The index ranges from − 1 (complete avoidance) to + 1 (exclusive use) with preference or underuse declared only at values > 0.3 or < -0.3, respectively (Laurenzi et al. 2016; Lovari et al. 2017).
As for the seasonal habitat selection, we compared warm (spring, summer) vs. cold (autumn, winter) season classified as follows: autumn (October, November, December), winter (January, February, March), spring (April, May, June), summer (July, August, September). Before using the index, the significant difference in habitat use compared to the available habitats was assessed using Fisher’s exact test (Fisher 1922) due to all values in the contingency table being < 5.
The analyses were carried out using the QGIS (v. 3.28) and R Software (v. 4.3.1) (R Development Core Team 2023) and the level of significance was set at 0.05.
Results
Following PLAND values calculated for each buffer, the habitat was mainly covered by broad–leaved forests, cultivated fields and urban areas, respectively (Table 2). The total number of porcupine positive locations was higher during the warm season (n = 69, 64.5%) and lower during the cold one (n = 38, 35.5%) (Table 2).

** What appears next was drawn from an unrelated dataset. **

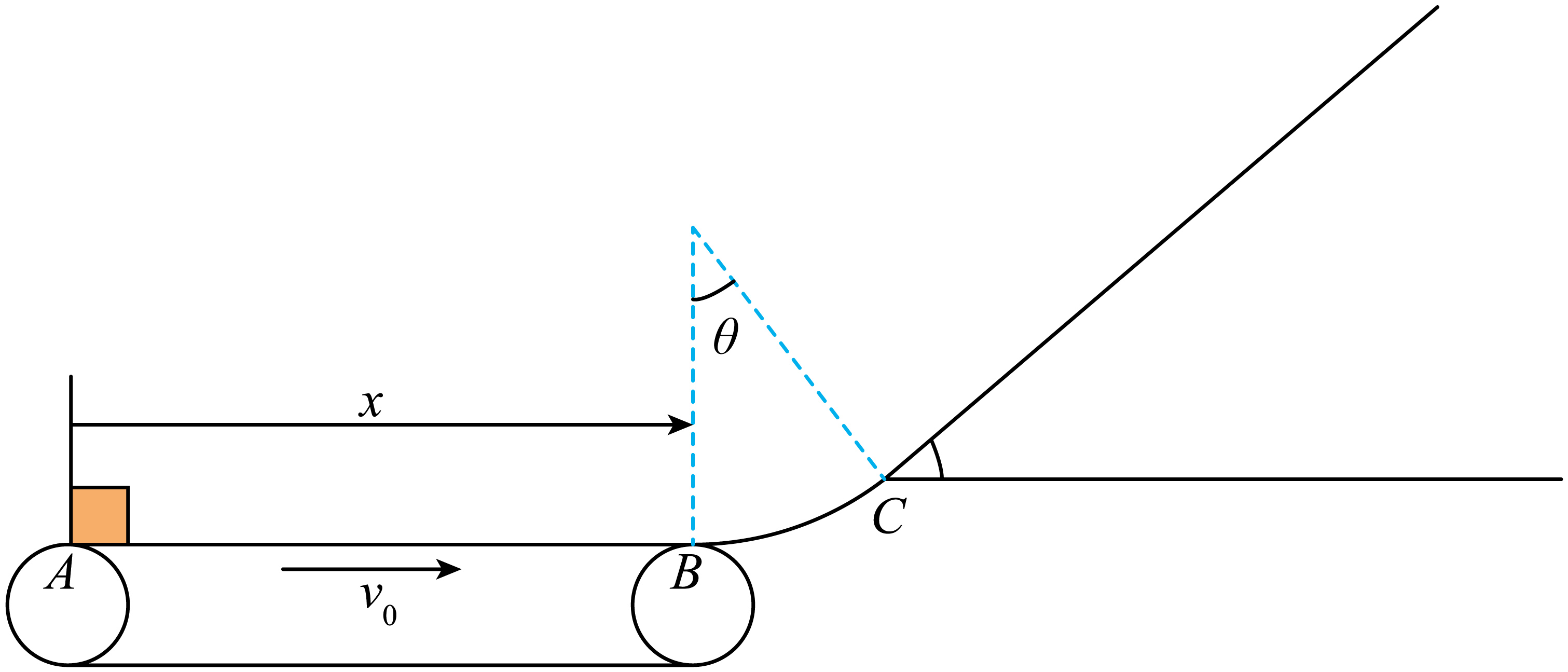 如图所示,水平放置的传送带与光滑的圆弧轨道相切于$B$点,圆弧与斜面相切于$C$点,斜面足够长。某时刻将一个质量为$1\;\rm kg$的物块(可视为质点)从$A$点轻放到传送带上。已知物块与传送带、斜面之间的动摩擦因数均为$0.25$,传送带的长度$x=5\;\rm m$,始终以$v_{0}=5\;\rm m/s$向右传动,圆弧$BC$对应的圆心角为$\theta=37^\circ $,半径$R=2.25\;\rm m$,求:

All the 18 environmental covariates showed VIF ≤ 5. Therefore, none was discarded in the MAXENT model. The model performance was poor (AUC = 0.63 ± 0.08 (SE), as values typically indicating good model performance are ≥ 0.7 (Greiner et al. 2000; Vanagas 2004). However, the percent contribution of each environmental covariate and jackknife plots (see Supplementary material 2) highlighted that agricultural fields hold relevance in the model construction, thus empirically justifying the habitat selection analysis realized through the Jacobs’ selectivity index.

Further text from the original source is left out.